● **ASSIGNED TASK**
Although the records contain pictures, none belong in the copy: restate word for word only the lines from the one with "روزنامه استخدامی استان" through the one with "Das Kriegerdenkmal - eine", both included.

● **RECORDS FOR THE EXERCISE**
☆ ☆ ☆ ☆

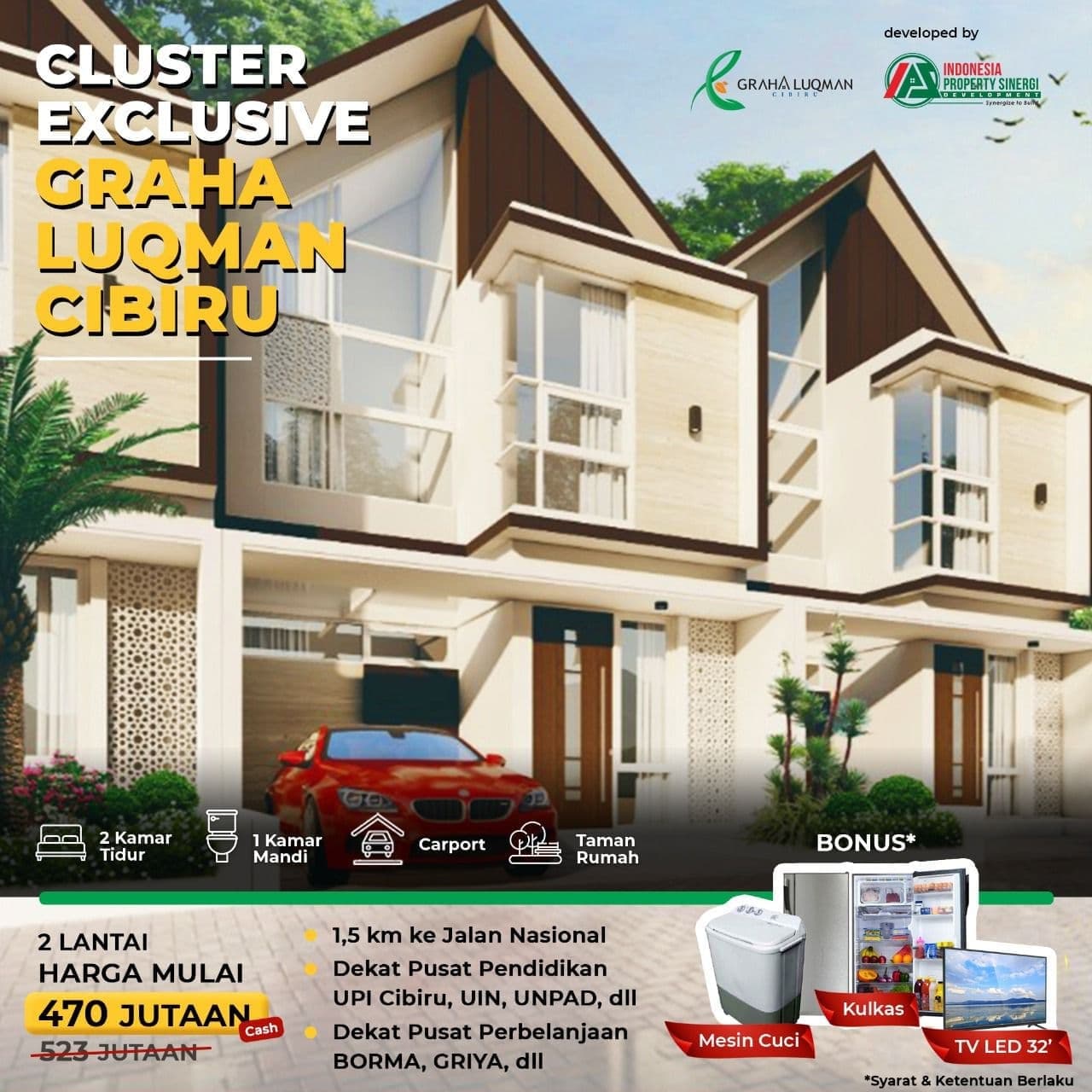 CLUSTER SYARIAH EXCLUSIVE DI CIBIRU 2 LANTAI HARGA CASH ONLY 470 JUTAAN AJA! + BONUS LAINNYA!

☆ ☆ ☆ ☆

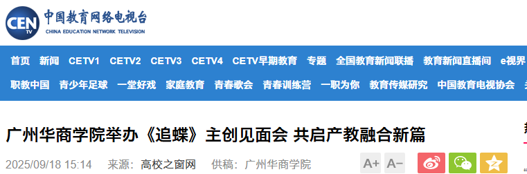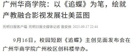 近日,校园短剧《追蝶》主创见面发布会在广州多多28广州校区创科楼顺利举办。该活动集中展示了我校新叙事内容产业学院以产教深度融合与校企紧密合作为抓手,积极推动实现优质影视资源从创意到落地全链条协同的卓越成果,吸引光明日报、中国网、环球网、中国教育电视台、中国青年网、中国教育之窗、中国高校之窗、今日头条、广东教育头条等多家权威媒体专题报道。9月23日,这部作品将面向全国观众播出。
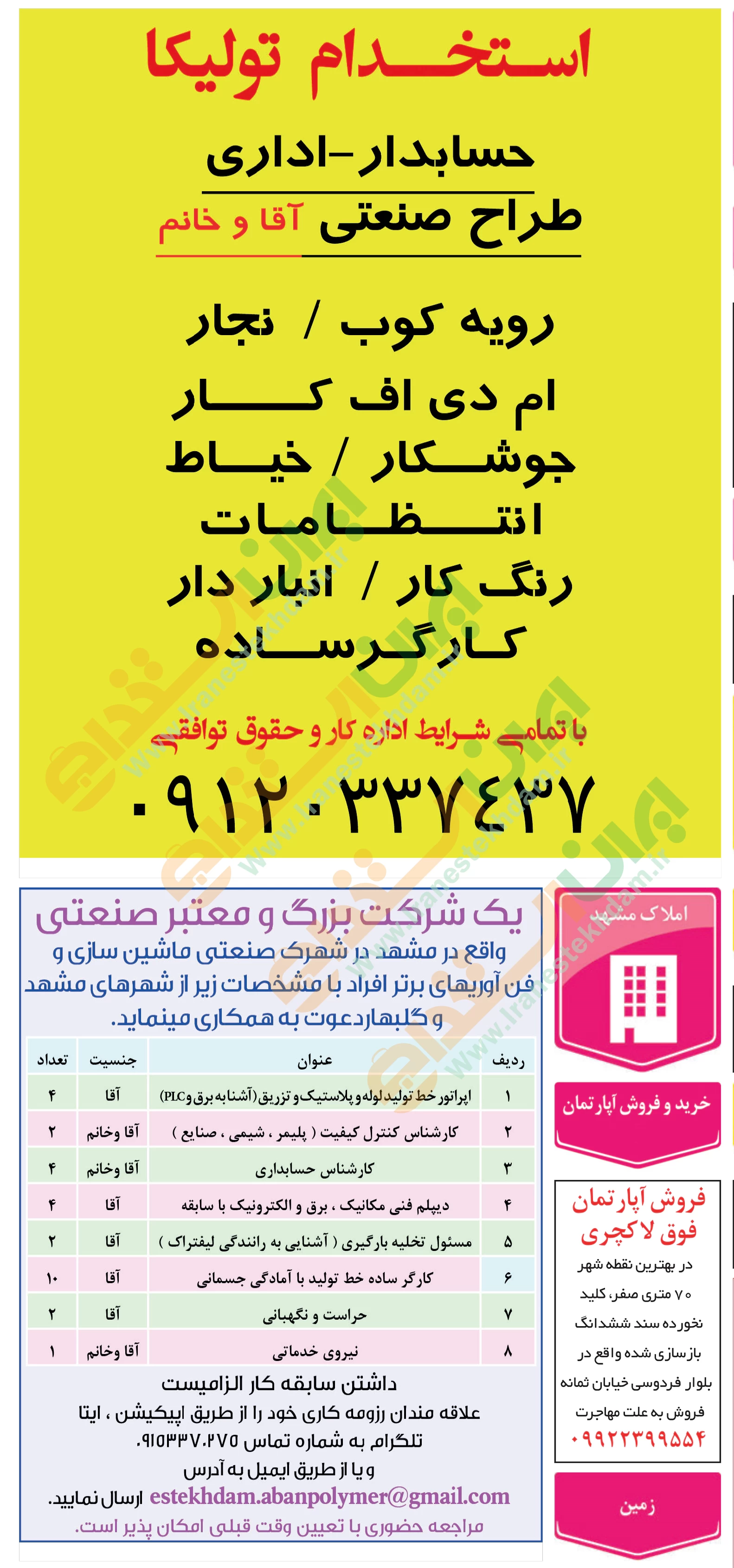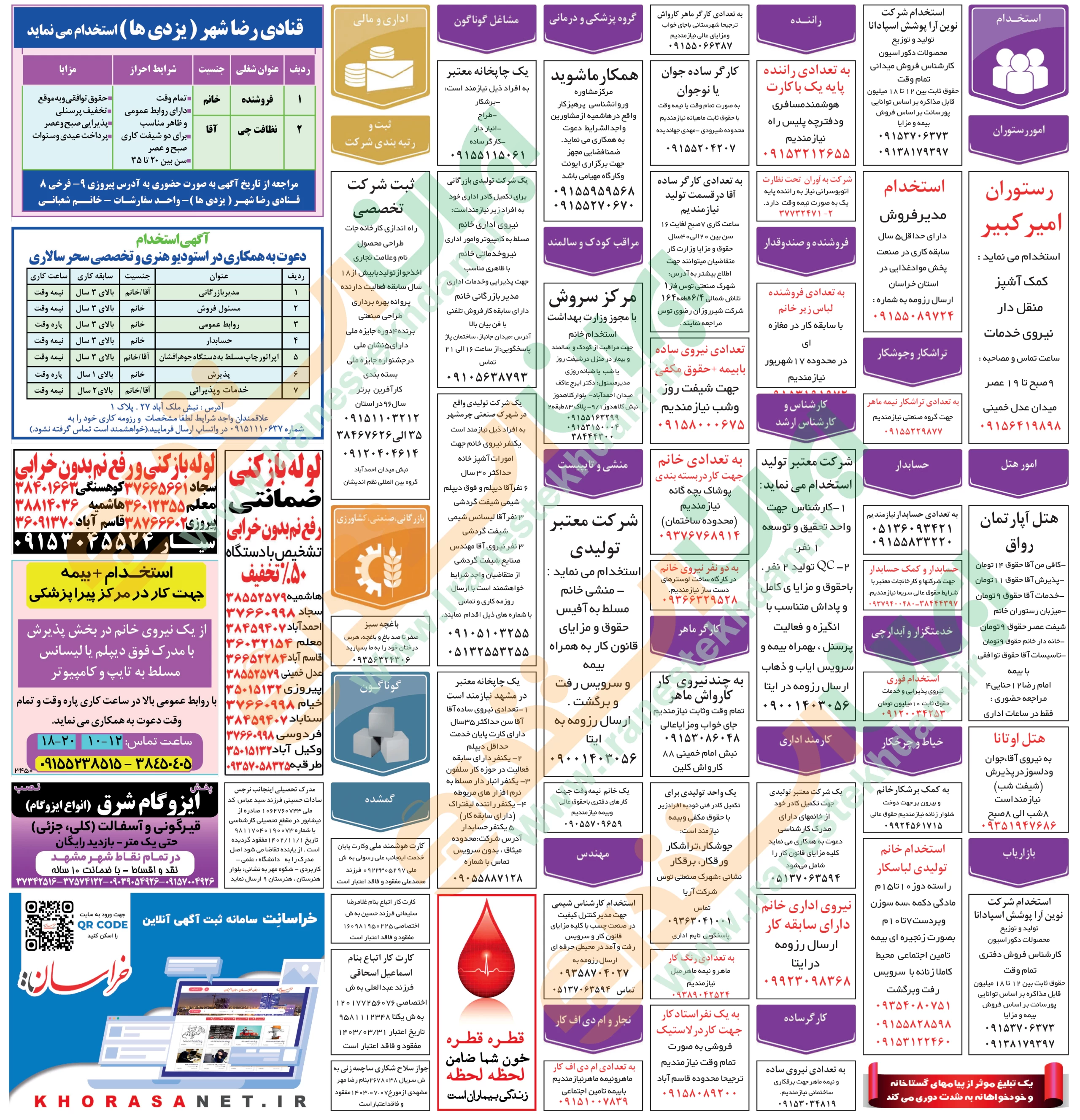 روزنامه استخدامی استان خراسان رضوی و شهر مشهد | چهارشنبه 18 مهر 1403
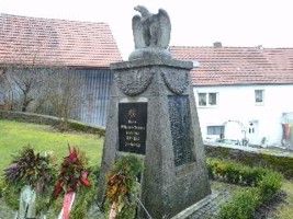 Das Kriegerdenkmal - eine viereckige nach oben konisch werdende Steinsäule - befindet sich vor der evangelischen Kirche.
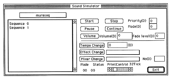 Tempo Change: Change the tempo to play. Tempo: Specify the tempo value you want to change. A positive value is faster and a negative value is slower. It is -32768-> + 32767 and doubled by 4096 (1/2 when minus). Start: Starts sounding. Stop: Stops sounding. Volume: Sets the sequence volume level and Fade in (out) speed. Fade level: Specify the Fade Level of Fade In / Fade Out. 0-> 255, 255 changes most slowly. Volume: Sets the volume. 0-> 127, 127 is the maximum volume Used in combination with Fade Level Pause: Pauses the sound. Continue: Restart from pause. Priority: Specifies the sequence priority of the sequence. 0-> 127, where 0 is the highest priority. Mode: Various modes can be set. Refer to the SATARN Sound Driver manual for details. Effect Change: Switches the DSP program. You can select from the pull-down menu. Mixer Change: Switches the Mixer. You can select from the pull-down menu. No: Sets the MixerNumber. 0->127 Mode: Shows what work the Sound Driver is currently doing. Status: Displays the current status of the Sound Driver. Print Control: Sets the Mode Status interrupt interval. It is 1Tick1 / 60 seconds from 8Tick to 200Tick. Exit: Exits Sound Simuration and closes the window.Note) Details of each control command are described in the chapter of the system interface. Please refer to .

☆ ☆ ☆ ☆

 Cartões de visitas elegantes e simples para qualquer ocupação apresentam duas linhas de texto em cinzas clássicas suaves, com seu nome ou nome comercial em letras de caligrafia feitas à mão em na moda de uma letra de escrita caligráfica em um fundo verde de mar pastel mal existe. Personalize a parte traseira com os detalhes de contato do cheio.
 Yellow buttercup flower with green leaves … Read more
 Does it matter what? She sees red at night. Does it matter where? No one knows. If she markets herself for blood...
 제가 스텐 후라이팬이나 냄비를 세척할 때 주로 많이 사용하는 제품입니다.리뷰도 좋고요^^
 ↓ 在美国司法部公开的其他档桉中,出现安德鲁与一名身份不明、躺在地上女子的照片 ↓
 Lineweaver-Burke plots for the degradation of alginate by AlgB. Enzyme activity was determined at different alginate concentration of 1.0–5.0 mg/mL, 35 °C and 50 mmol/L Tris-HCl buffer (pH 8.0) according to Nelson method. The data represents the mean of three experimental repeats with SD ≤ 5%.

☆ ☆ ☆ ☆

● **RESULT**
 روزنامه استخدامی استان خراسان رضوی و شهر مشهد | چهارشنبه 18 مهر 1403
 Das Kriegerdenkmal - eine viereckige nach oben konisch werdende Steinsäule - befindet sich vor der evangelischen Kirche.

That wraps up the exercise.